Commission Justice du Parti Communiste Français - Conférence de Presse

Mise en ligne : 12 May 2003

Dernière modification : 15 August 2010

Conférence de Presse Le 7 mai 2003 Au siège du Parti Communiste Français

Avec Henri Malberg - chargé de la Commission Justice Robert Bret - Sénateur Nicole Borvo - Sénatrice, chargée des libertés à l’Exécutif national du PCF

Texte de l'article :

JUSTICE – SECURITE – PRISON
Une révolution réactionnaire

Un an après l’arrivée de la droite au pouvoir, on peut parler de révolution conservatrice à propos des décisions prises en matière de justice, de sécurité et de prison.
C’est une société inquiétante qui se dessine au plan de la démocratie et du respect des droits des personnes. Dans l’immédiat, la situation est explosive dans les prisons et il convient d’agir vite.

Le point presse a porté également sur les dernières décisions du gouvernement en matière de prison.

Note de travail pour la rencontre de presse
De la Commission Justice
Henri Malberg

Des personnalités de mouvements associatifs et des syndicalistes qui s’occupent des problèmes de justice - police - sécurité des prisons, nous ont fait valoir l’importance qu’il y aurait à ce que s’expriment des prises de position des partis politiques sur la politique de sûreté du gouvernement actuel.

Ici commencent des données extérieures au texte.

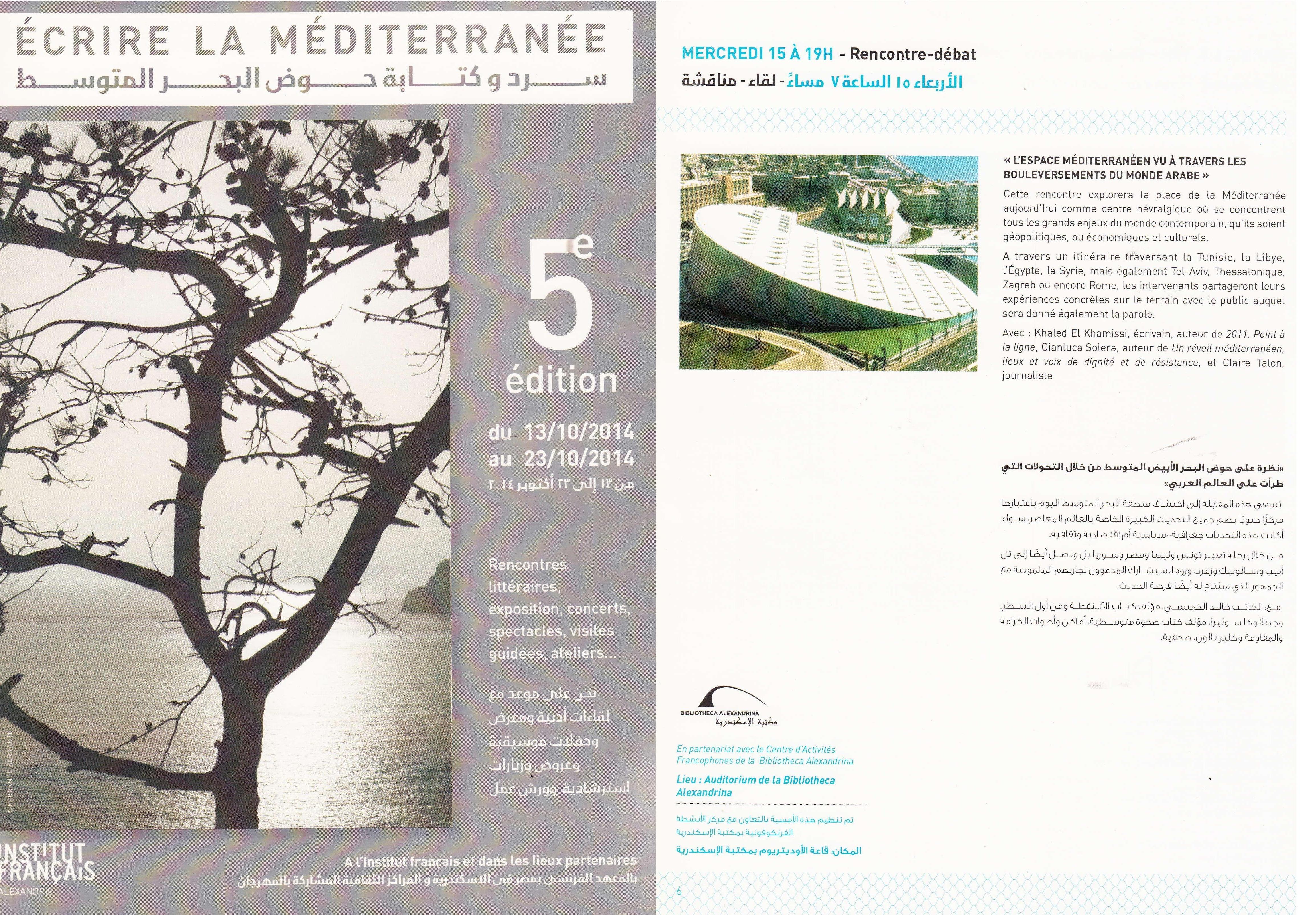 Le Centre d’Activités Francophones (CAF) affilié à la Bibliotheca Alexandrina, organise une rencontre-débat au nom de « L'espace méditerranéen vu à travers les bouleversements du monde arabe ». Cette rencontre explore la place de la Méditerranée aujourd'hui comme centre névralgique où se concentrent tous les grands enjeux du monde contemporain, qu'ils soient géopolitiques, économiques ou culturels.

Le Parti communiste l’a fait plusieurs fois.

Mais aujourd’hui, un an après l’installation du gouvernement actuel, on peut donner une opinion plus générale sur la trajectoire poursuivie dans cette question comme sur d’autres.

§ S’agissant des prisons, je souhaite qu’on considère cette intervention comme un cri d’alerte.

La situation est inacceptable. Et devient ingérable, dit-on, à l’Administration pénitentiaire.

Il y a en France 48 600 places dans les prisons. Et au 1er avril, 59 155 détenus.

Le rythme d’accroissement du nombre des détenus a été de :

- 1000 en janvier

- 1000 en février

- 2000 en mars

La prévision pour juillet est de 62 000 détenus.

Il n’y a jamais eu - hors la guerre - autant de personnes en prison en France.

La croissance du nombre des détenus a été de 14% en un an (septembre 2001/septembre 2002)

A ce rythme, c’est 70 000 l’année prochaine.

Et combien en 2005, 2006 ?

Il y avait 20 000 personnes en prison dans les années 1950.

Les 10 600 nouvelles places de prison prévues le sont pour 2006. Mais, elles devaient servir largement pour remplacer les prisons scandaleusement vétustes dans lesquelles sont détenues des milliers de personnes.

Il faut dire que derrière ces chiffres, il y a des êtres humains. Des détenus et des personnels sous pression.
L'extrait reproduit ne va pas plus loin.